Mark Nelson

No. 70
- Position: Offensive tackle

Personal information
- Born: June 22, 1964 (age 62) Grand Forks, North Dakota, U.S.
- Listed height: 6 ft 4 in (1.93 m)
- Listed weight: 270 lb (122 kg)

Career information
- High school: Thomas Jefferson
- College: Normanale CC Iowa State Bowling Green
- NFL draft: 1987: undrafted

Career history
- Kansas City Chiefs (1987);

Career NFL statistics
- Games played: 1
- Stats at Pro Football Reference

= Mark Nelson (offensive lineman) =

American football player (born 1964)

Mark David Nelson (born June 22, 1964) is an American former professional football player who was an offensive tackle for the Kansas City Chiefs of the National Football League (NFL). He played college football at three different places, beginning at Normandale Community College before transferring to the Iowa State Cyclones and Bowling Green Falcons programs.

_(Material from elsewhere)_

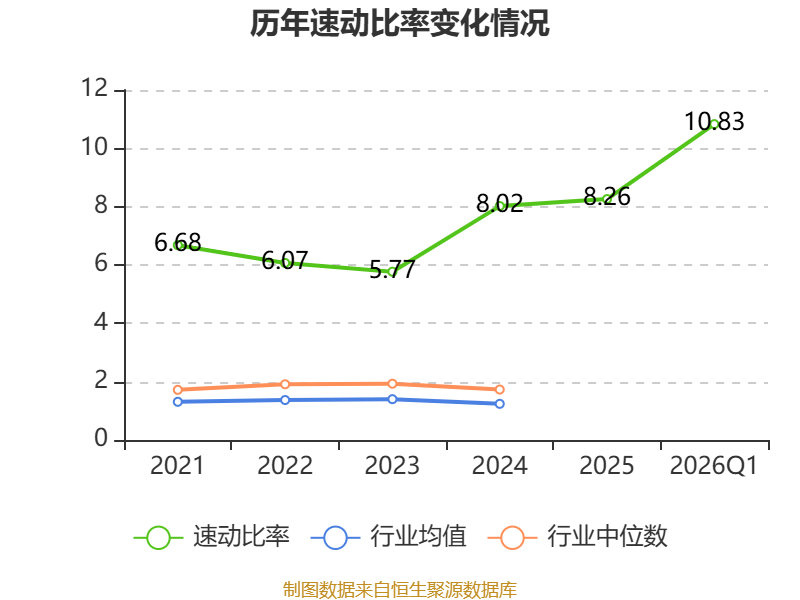 2026年第一季度,公司流动比率为10.88,速动比率为10.83。

Nelson played just one game in his career as a replacement player during the 1987 NFL strike.

After his short career he worked at Toledo Hospital (1988–1992), Muskingum College (1992–1995), Utah State University (1995–2000), and University of Colorado at Boulder (2000–2005), before being hired by the University of Minnesota as the Director of Intercollegiate Academic Counseling and Student Services.